In all studies focusing on progression to a specific value of GFR, the time to progression is not known exactly and is said be “interval censored”. For instance, if the event of interest is a GFR fall below 15 mL/min/1.73 m2 (CKD stage 5) the time-to-event is interval censored between the last measure when GFR was above 15 mL/min/1.73 m2 and the first measure when it was below 15 mL/min/1.73 m2. Interval-censoring complicates survival analyses, in particular when some patients die before being observed at the stage of interest. Death, which can also be considered as an event of interest when investigating CKD progression, should be considered as a competing event since it precludes the observation of the stage of interest [6]. If the objective is to investigate the association between some risk factors and the hazard of progression to the stage of interest (i.e. estimating hazard ratios (HR)), competing risk by death can be accounted for by “censoring” at death in a cause-specific Cox model. Such an approach was for example used in LaMattina et al. [5]. However, censoring at death assumes that patients did not progress to the stage of interest in the time interval between the last measure of GFR and death. This is a strong assumption, especially if the time interval may be wide and if death is associated with renal function decline. Another option is to perform censoring at the last measure before death, rather than at death. However, censoring at a given time (last measure) because of what occurs at a later time (death) violates one of the major principles in survival analysis which consists in never conditioning on the future [7]. Censoring at the last visit before death has also been shown to produce biased effect estimates of factors that are associated with both the event of interest (e.g. progression to the specific stage of interest) and death [8]. The strength and the direction of bias depended on the strength and the direction of the effects of factors on the event of interest and on death, as well as on mortality rates. If the objective is to estimate the probability to progress to the stage of interest within a given period of time (i.e. the “cumulative incidence function” rather than the HR), then competing risks and interval censoring should also be accounted for.

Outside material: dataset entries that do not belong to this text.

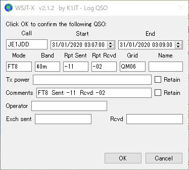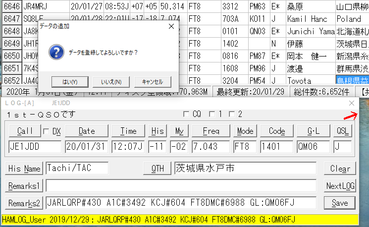 2. の運用では、QSO後にHamlogまで、一気に登録できますが、1. の運用ではQSOをログボタンを押し、小ウインドウがでたら、OKを押さないとHamlogへの登録が出来ません。
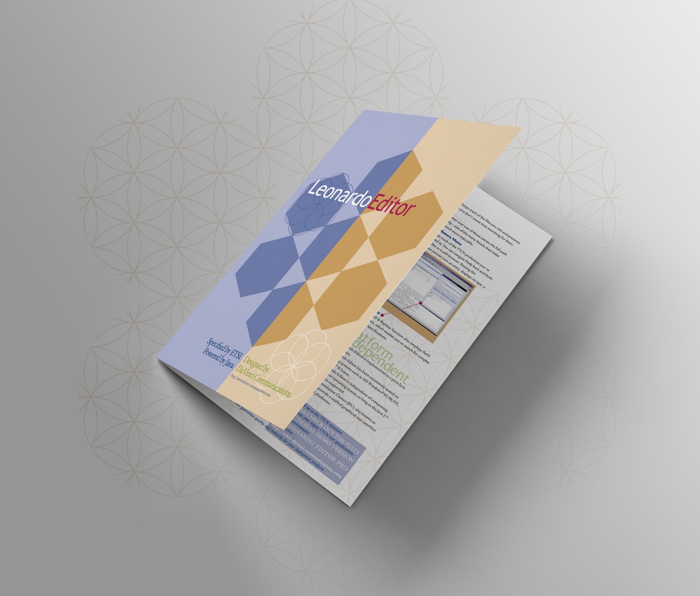 I redesigned their brand new suite of product capabilities brochures soon after Start-up with a theme that appeals to their niche market by finding common ground between the works of DaVinci and the sorts of symbolic language and forms that represent ideas of relevant non-physical things such as a cellular network. The client designed Da Vinci logo received a re-layout and typography facelift to resolve the idea in keeping with the look of the new set of brochures.
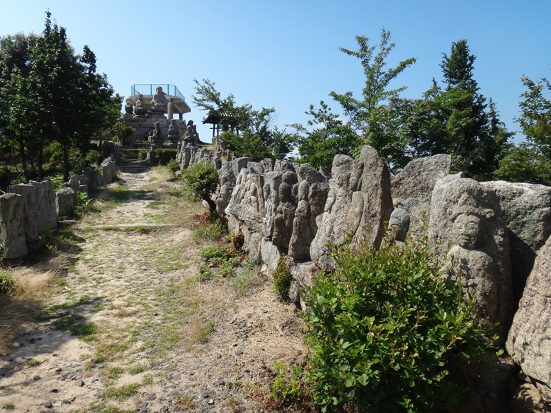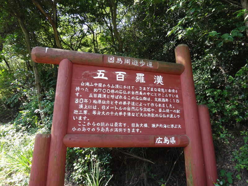 だけど、ここからはもう一つ寄り道する。 「白滝山」というところに寄って「五百羅漢」を見て行く。 サイクリングロードを走っていると、白滝山への分岐があった。 分岐を曲がったら、すぐに急な登り坂。 ギアを1速にして、立ちこぎするが、全然登れず。 自転車を押して登ることに。
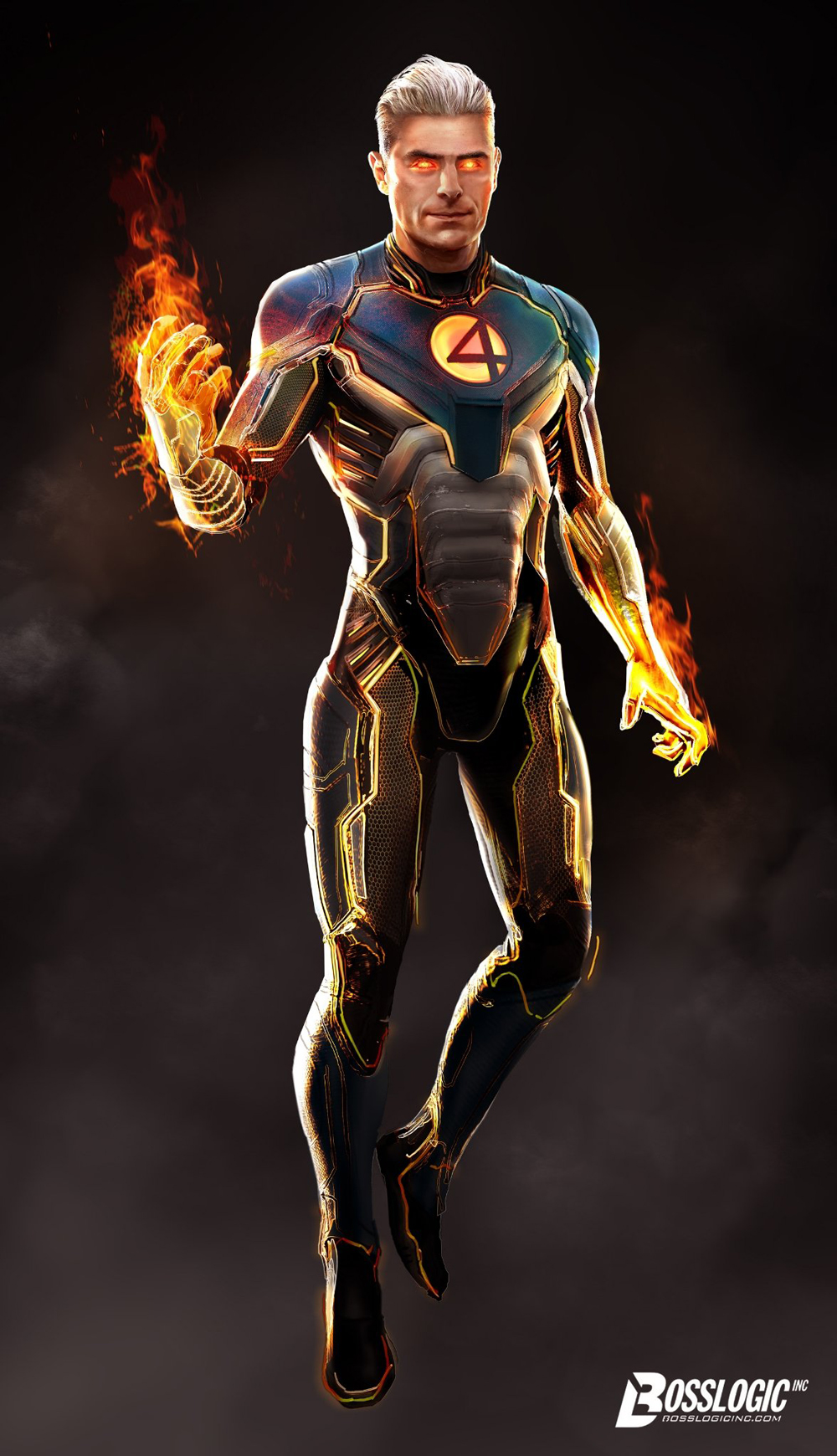BossLogic неожиданно выложил арты с Заком Эфроном в образе Человека-факела из Фантастической четверки.
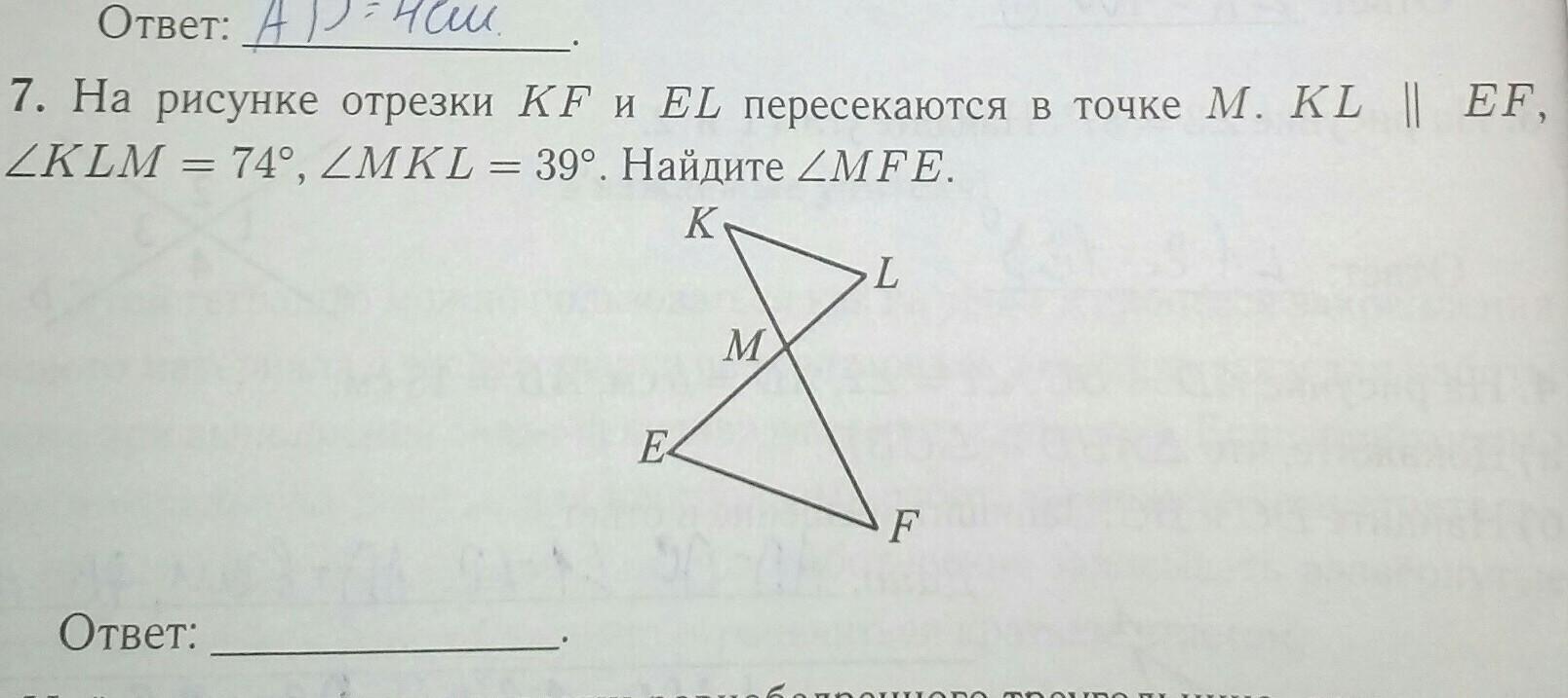 на рисунки отрезки Кф и ел пересекаются в точке м. кл параллельна еф, угл клм равен семьдесять четыре градуса, угл мкл равен тридцать девять градусов. найдите угл млф

The illness-death model for interval-censored data (IMID) avoids the need to choose a unique arbitrary censoring time by directly modeling the probability to progress to the stage of interest between the last measure of renal function and death. Such flexibility has been shown to produce much better estimates of both incidence rates of the event of interest (e.g. progression to the stage of interest) [9] and of the effects of risk factors that also affect death [8]. In addition, because the IMID allows the distinction between the hazard of death before and after the stage of interest, it gives a much more precise and complete picture of the course of the disease than a standard competing risks analysis that focuses only on death before the stage of interest. The IMID also allows estimation of the effects of risk factors on the hazards of all events (stage of interest and death) using a single model. Finally, the IMID also allows estimating the probability to experience the event of interest (i.e. progression to the stage of interest) within a given time window for patients with some given characteristics [10]. Despite these advantages, the IMID has never been used in the context of CKD [3]. It is thus unclear if it would conduct to different estimates of the effect of risk factors on the hazards of CKD progression and death, as well as of probabilities of progression, as compared to standard analyses. Yet, such comparison would be important to perform before recommending its use in CKD studies.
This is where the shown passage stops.